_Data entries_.
◆ ◆ ◆ ◆ ◆

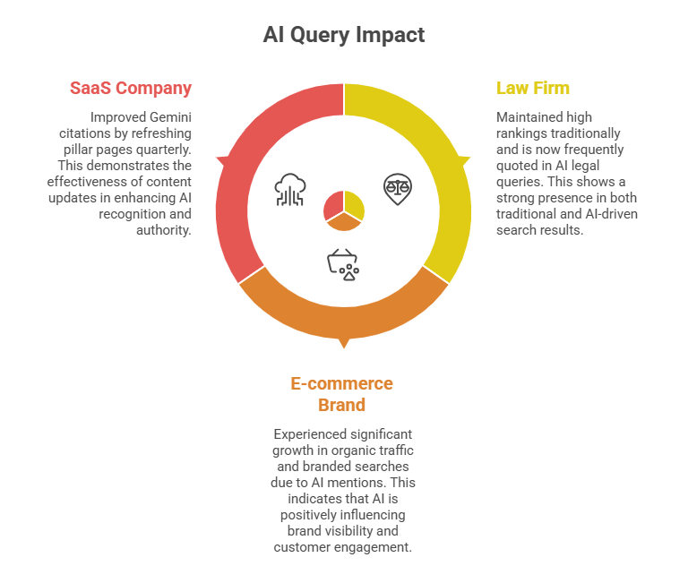 • Law firm → kept #1–3 rankings (traditional) + now quoted in 71% of AI legal queries in their state (GEO)
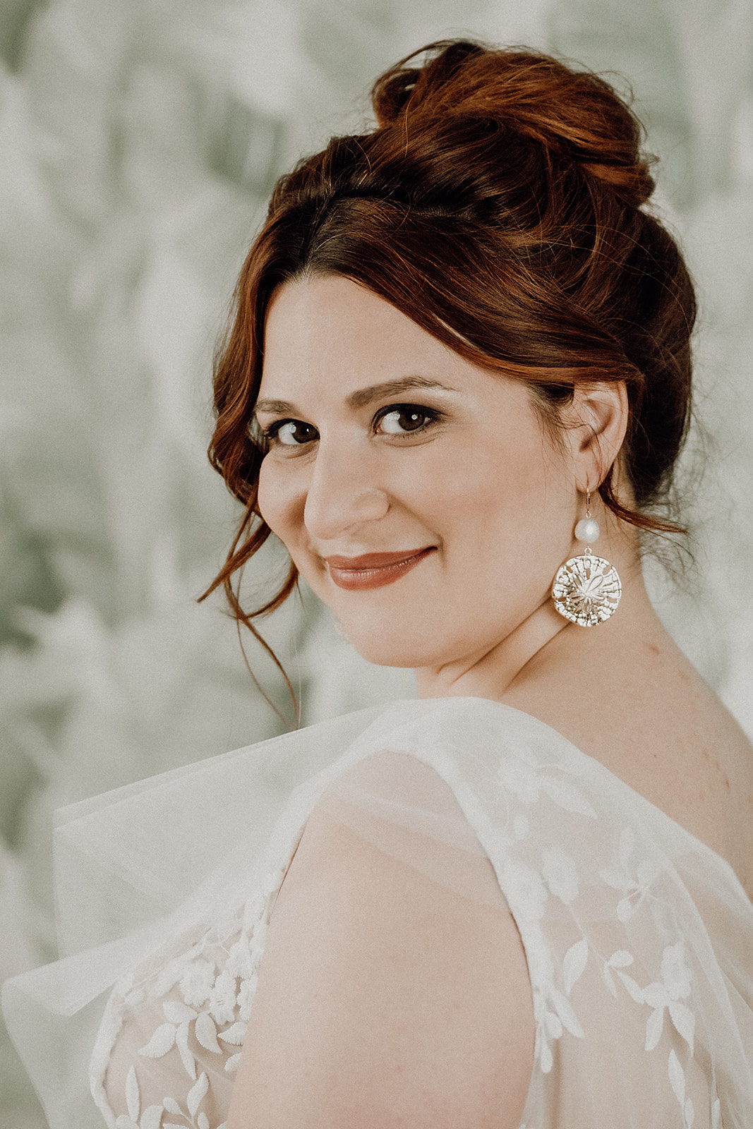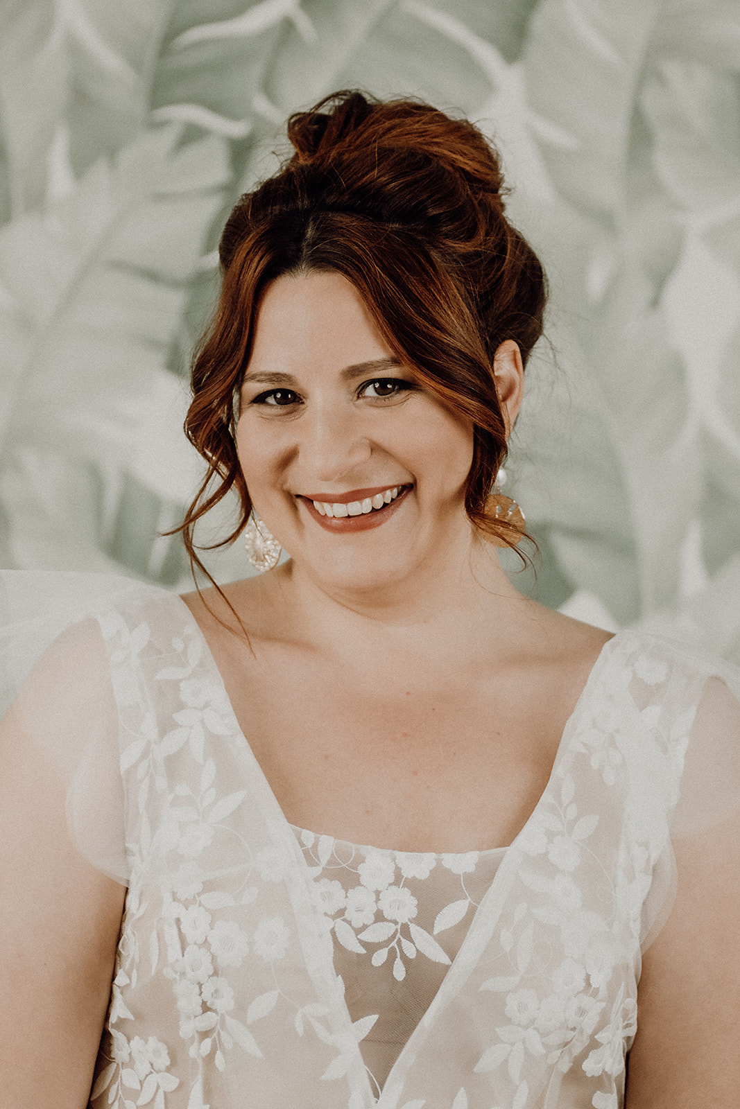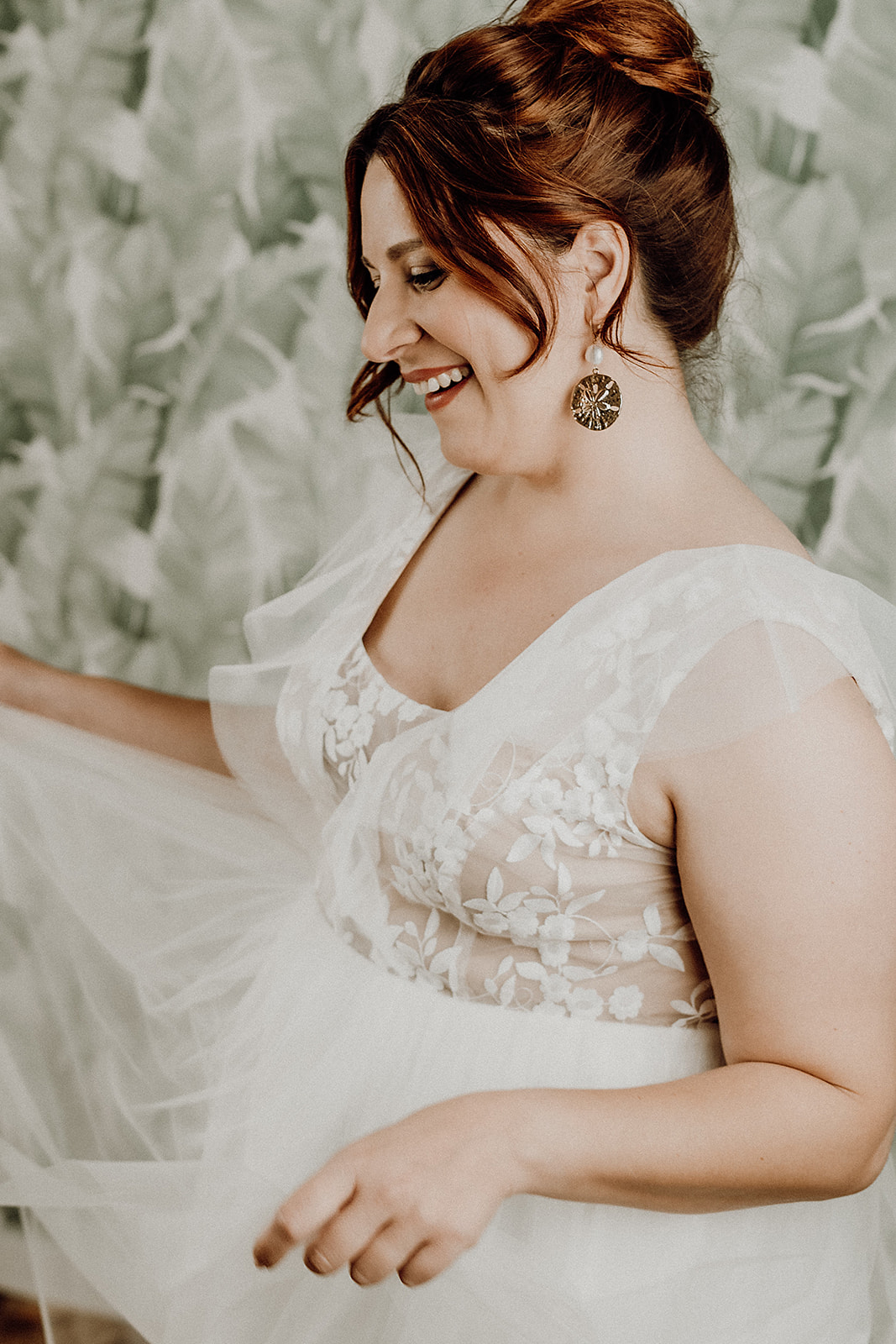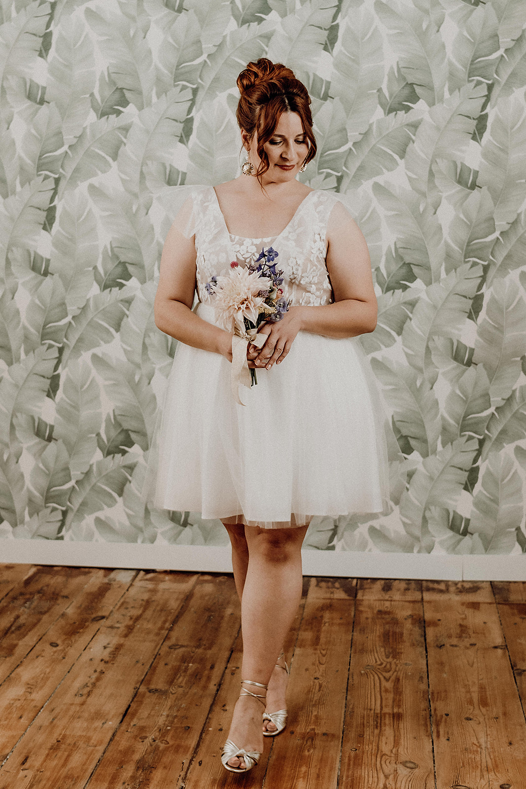Robe de mariée grande taille, courte en tulle souple et tulle brodé. La jupe froncée en tulle arrive aux genoux. La taille est marquée et le haut en tulle brodé monté sur fond de voile de coton couleur chair donne l’illusion de transparence avec un grand décolleté V au dos et un joli décolleté devant. Le volant en tulle souple part de la taille pour former les manches.
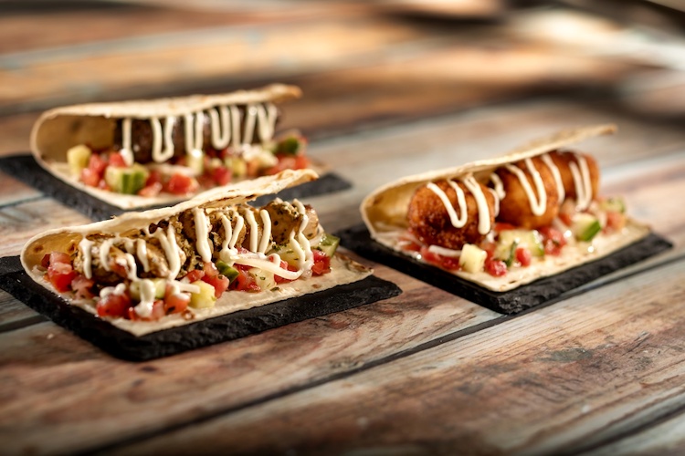 - Montreal-style Burger Slider featuring IMPOSSIBLE Beef with plant-based cheddar, tomato jam, bibb lettuce, and plant-based garlic aïoli on a sesame seed bun (Plant-based)
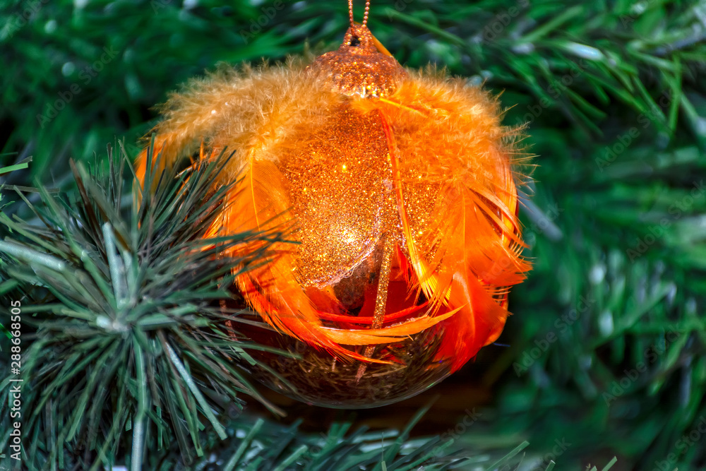 Christmas toys on the Christmas tree. Festive mood.
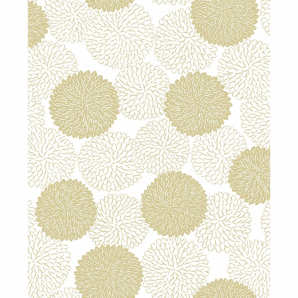 Metallic gold ink brings new life to a classic floral motif, echoing the longevity and rejuvenation symbolized by chrysanthemums in Japanese culture. A beautiful modern wallpaper. Blithe is a unpasted, non woven wallpaper.
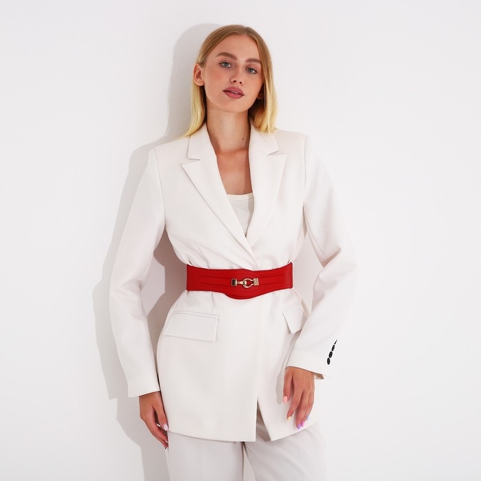 Ремень женский, ширина 6 см, на резинке, пряжка металл, цвет красный
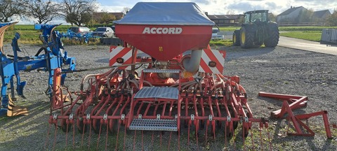 1 gebrauchte Sämaschinenkombination Hersteller: Kuhn / Accord Modell: Kuhn HR 3002 D +Accord DA Pneumatic Arbeitsbreite: 3,00 m Baujahr Kreiselegge: 1996 24 Reihen, Abstand: 12,5 cm Säeinheit ACCORD DA Pneumatic Seriennummer:030965 Pneumatische Saatgutverteilung Mechanischer Gebläseantrieb Scheibenschare Nachlaufstriegel Großer Saatgutbehälter mit Abdeckplane Breite Trittroste Beleuchtungseinheit mit Warntafeln Gelenkwelle Fahrgassenschaltung Kreiselegge KUHN HR 3002 D Seriennummer: 970017 Erfassungsnummer: 175236 Zahnpackerwalze Schlepplanke Dreipunktanbau Gewicht Gesamtkombination: ca. 2.200 kg Die Sämaschinenkombination wurde an vielen Stellen bereits geschweißt. Standort: D-97232 EuerhausenKontaktdaten:
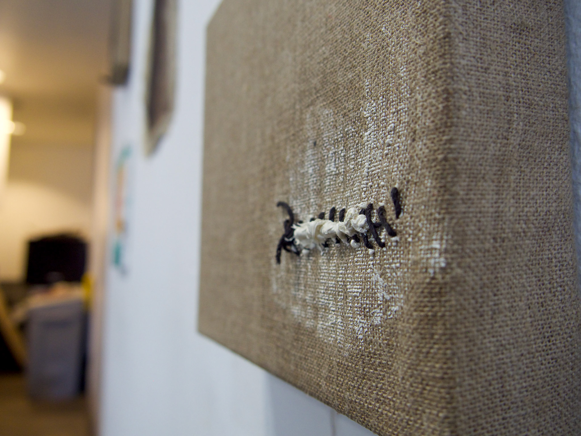 One large chunk at a time, stuffing it into my dry mouth whileMy sister and father slept.Oil and debris on linen 2022
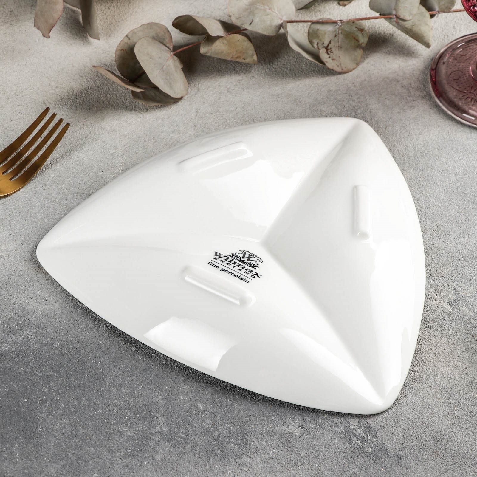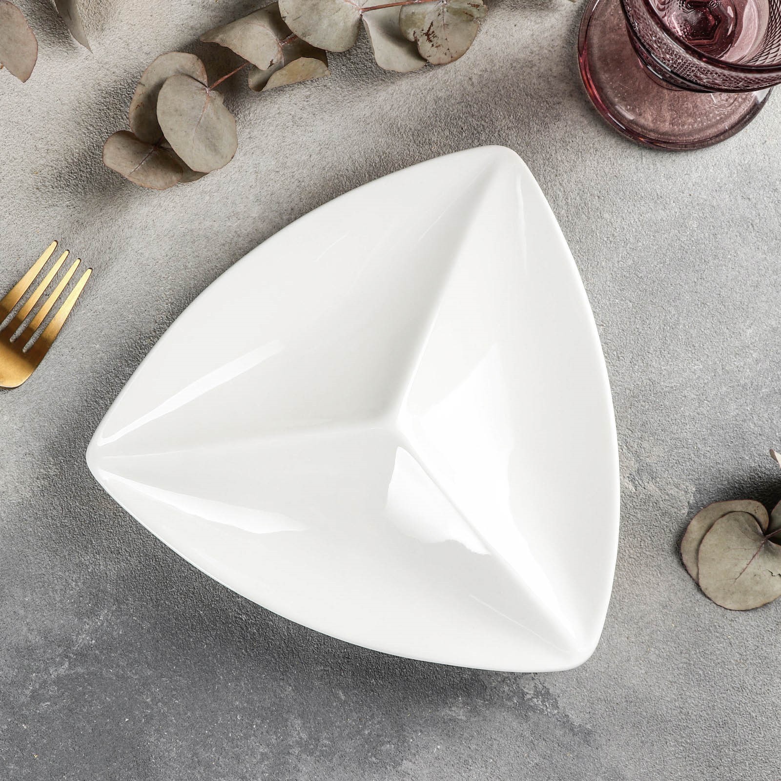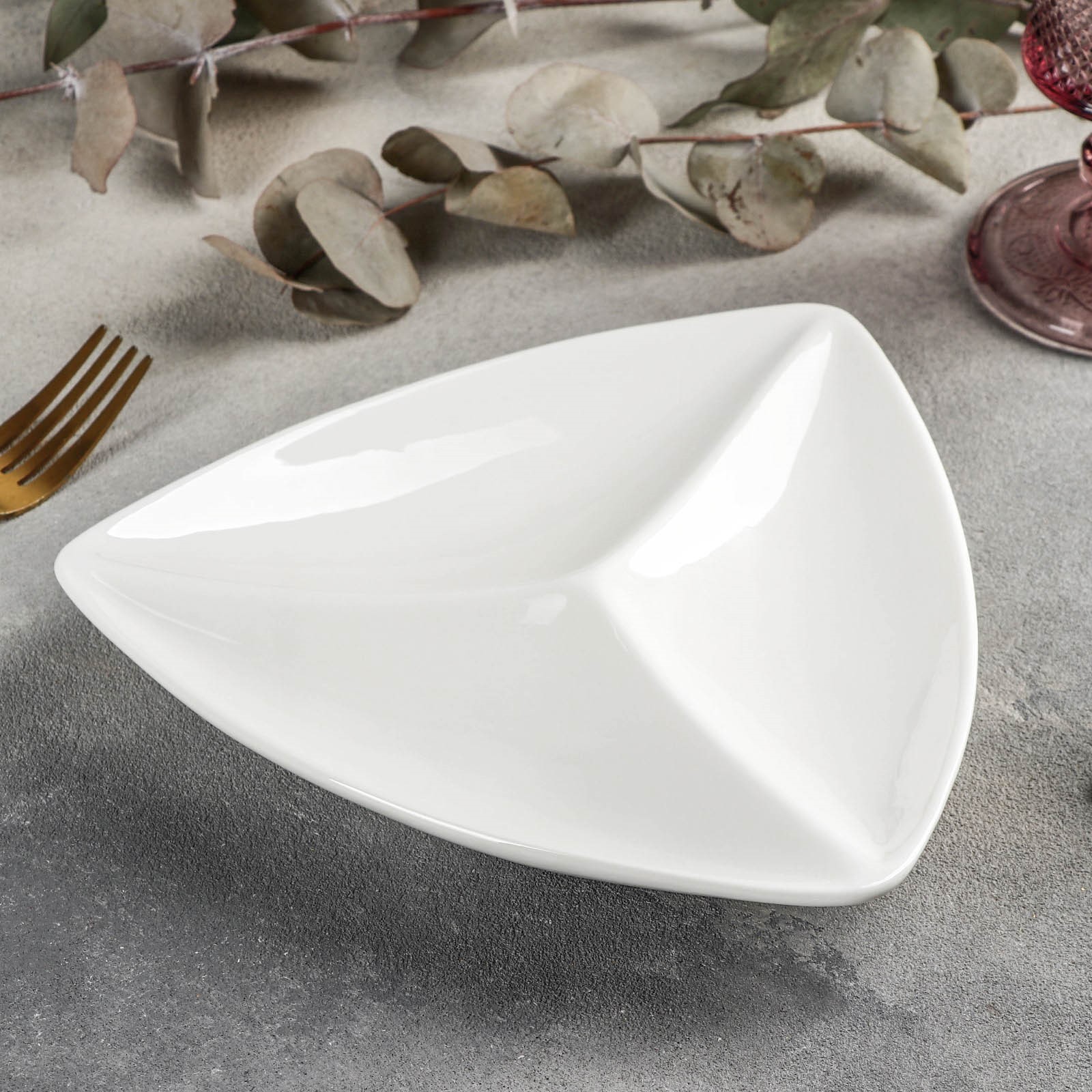 Менажница фарфоровая треугольная 3 ячейки Wilmax, 20x20 см, цвет белый

◆ ◆ ◆ ◆ ◆

_Work order_.
Output all of the entries once more, word for word, with the images removed.

_Expected output_.
 • Law firm → kept #1–3 rankings (traditional) + now quoted in 71% of AI legal queries in their state (GEO)
Robe de mariée grande taille, courte en tulle souple et tulle brodé. La jupe froncée en tulle arrive aux genoux. La taille est marquée et le haut en tulle brodé monté sur fond de voile de coton couleur chair donne l’illusion de transparence avec un grand décolleté V au dos et un joli décolleté devant. Le volant en tulle souple part de la taille pour former les manches.
 - Montreal-style Burger Slider featuring IMPOSSIBLE Beef with plant-based cheddar, tomato jam, bibb lettuce, and plant-based garlic aïoli on a sesame seed bun (Plant-based)
 Christmas toys on the Christmas tree. Festive mood.
 Metallic gold ink brings new life to a classic floral motif, echoing the longevity and rejuvenation symbolized by chrysanthemums in Japanese culture. A beautiful modern wallpaper. Blithe is a unpasted, non woven wallpaper.
 Ремень женский, ширина 6 см, на резинке, пряжка металл, цвет красный
 1 gebrauchte Sämaschinenkombination Hersteller: Kuhn / Accord Modell: Kuhn HR 3002 D +Accord DA Pneumatic Arbeitsbreite: 3,00 m Baujahr Kreiselegge: 1996 24 Reihen, Abstand: 12,5 cm Säeinheit ACCORD DA Pneumatic Seriennummer:030965 Pneumatische Saatgutverteilung Mechanischer Gebläseantrieb Scheibenschare Nachlaufstriegel Großer Saatgutbehälter mit Abdeckplane Breite Trittroste Beleuchtungseinheit mit Warntafeln Gelenkwelle Fahrgassenschaltung Kreiselegge KUHN HR 3002 D Seriennummer: 970017 Erfassungsnummer: 175236 Zahnpackerwalze Schlepplanke Dreipunktanbau Gewicht Gesamtkombination: ca. 2.200 kg Die Sämaschinenkombination wurde an vielen Stellen bereits geschweißt. Standort: D-97232 EuerhausenKontaktdaten:
 One large chunk at a time, stuffing it into my dry mouth whileMy sister and father slept.Oil and debris on linen 2022
 Менажница фарфоровая треугольная 3 ячейки Wilmax, 20x20 см, цвет белый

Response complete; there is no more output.